__THE TASK__:
Pictures aside, return every line below exactly as written.

*** SOURCE DATA ***

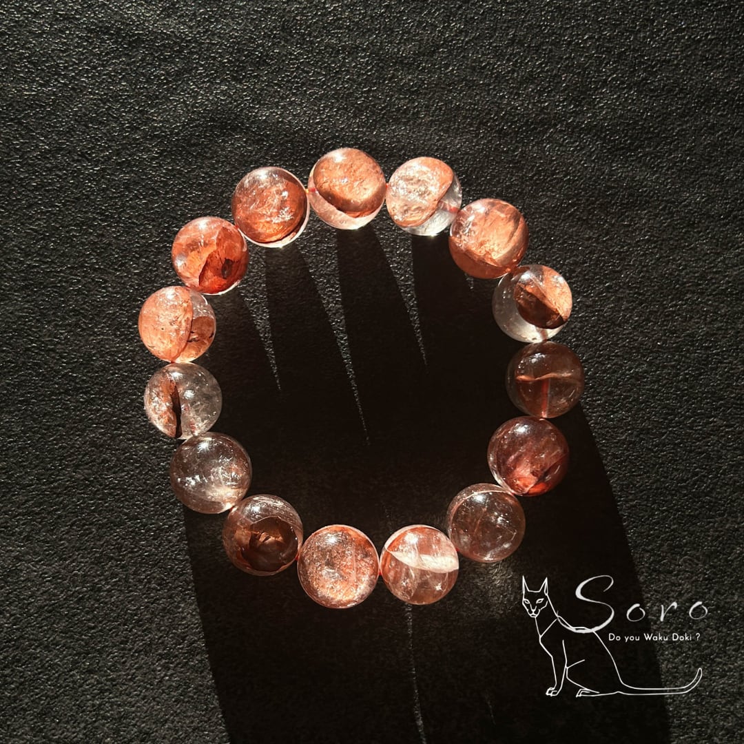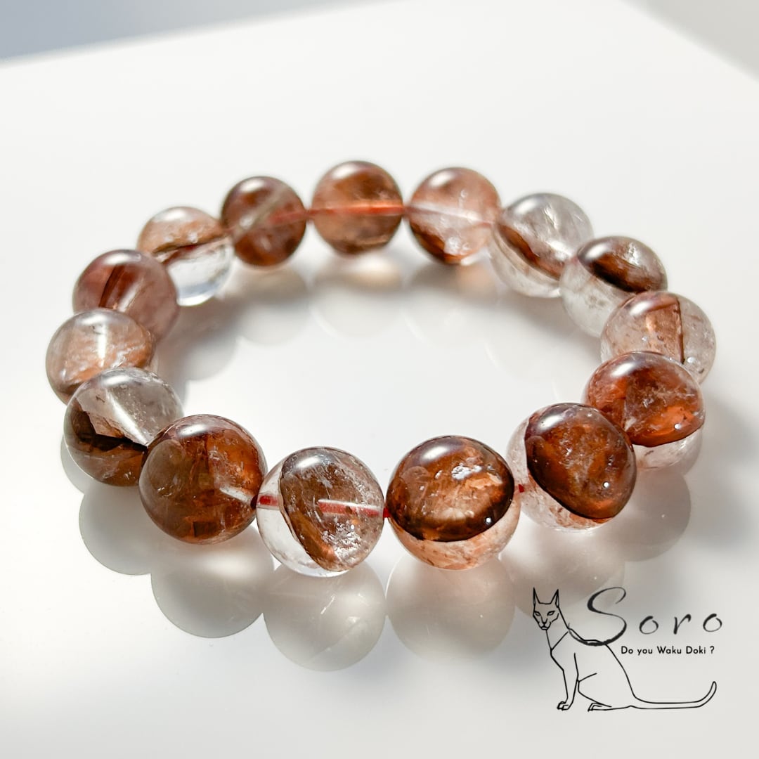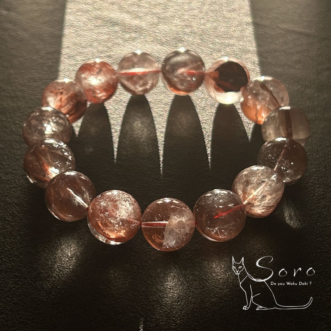 水晶の中に大地由来のライモナイトを内包した、存在感あるライモナイトインクォーツを贅沢に使用した大玉ブレスレット。
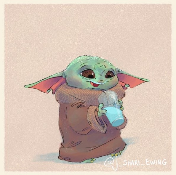 J. Shari Ewing also accepts commissions on her website and sells prints of some of her work so if you’re in the market for some new art (both cute illustrations and beautiful fine art pieces), check her out! This Baby Yoda series certainly caught our attention. 😉
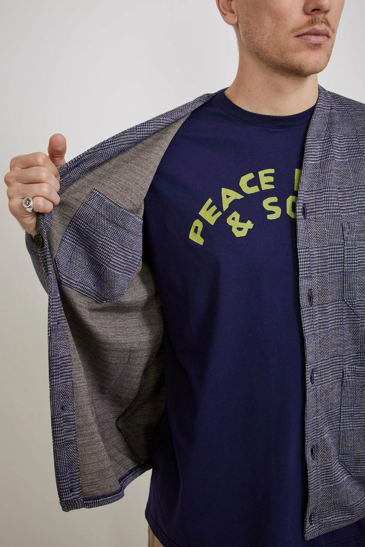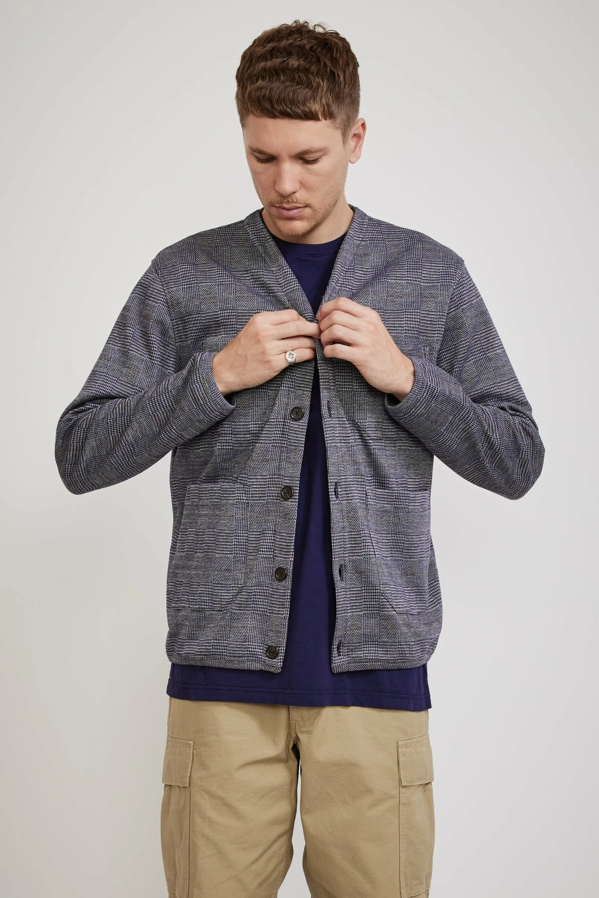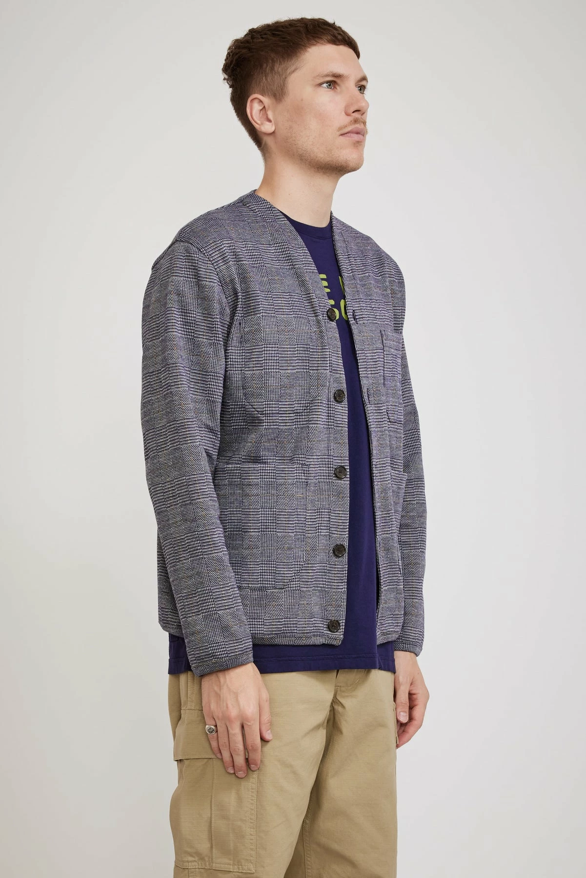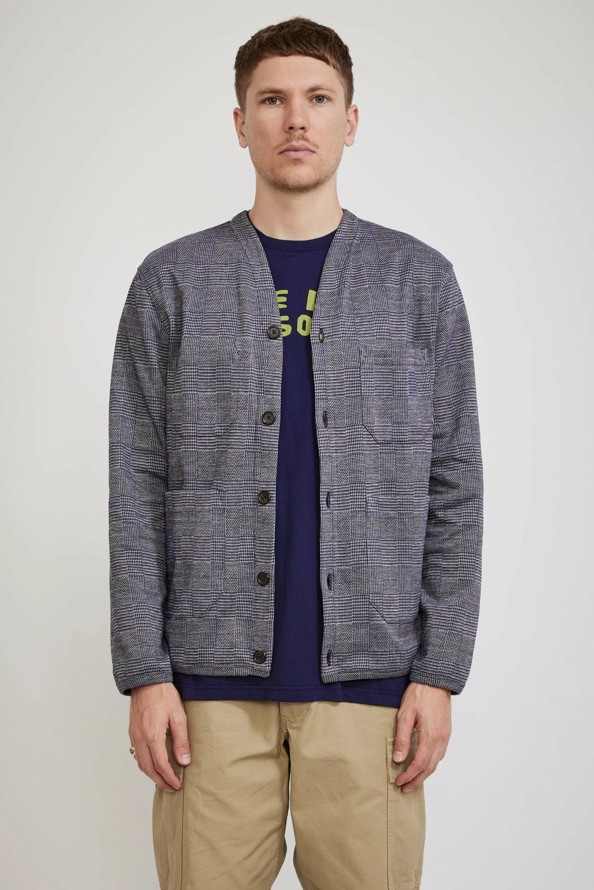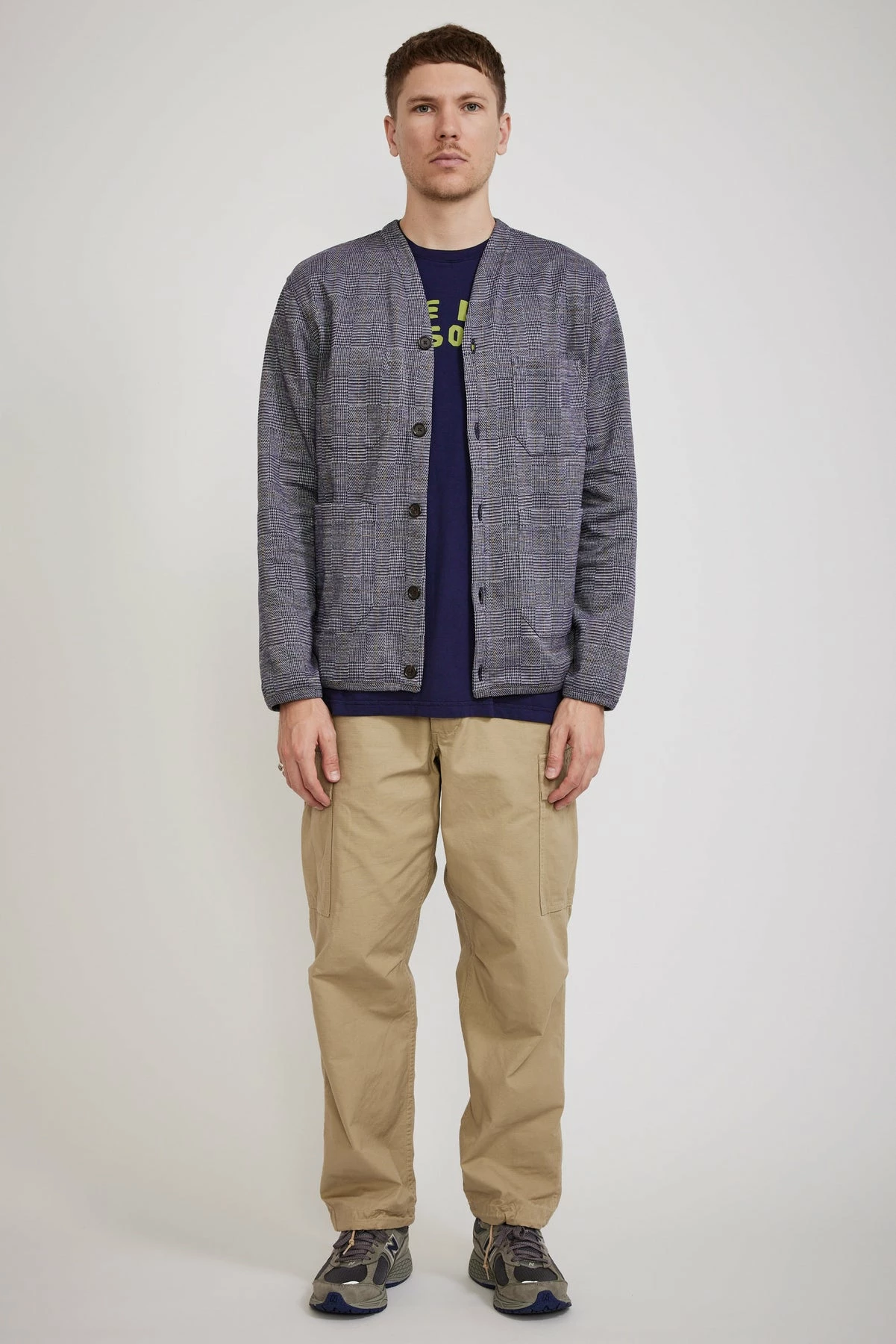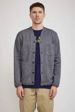 Our favourite core shape from Universal Works, a versatile v neck cardigan. The fabric looks seriously good up close this season, cut from a cotton poly fleece blend in a woven Prince of Wales check. Features five button front closure, subtle v-neck, jersey-bound cuffs hem and placket and multi-use patch pockets.

*** End of SOURCE DATA ***

__TASK SOLUTION__:
 水晶の中に大地由来のライモナイトを内包した、存在感あるライモナイトインクォーツを贅沢に使用した大玉ブレスレット。
 J. Shari Ewing also accepts commissions on her website and sells prints of some of her work so if you’re in the market for some new art (both cute illustrations and beautiful fine art pieces), check her out! This Baby Yoda series certainly caught our attention. 😉
 Our favourite core shape from Universal Works, a versatile v neck cardigan. The fabric looks seriously good up close this season, cut from a cotton poly fleece blend in a woven Prince of Wales check. Features five button front closure, subtle v-neck, jersey-bound cuffs hem and placket and multi-use patch pockets.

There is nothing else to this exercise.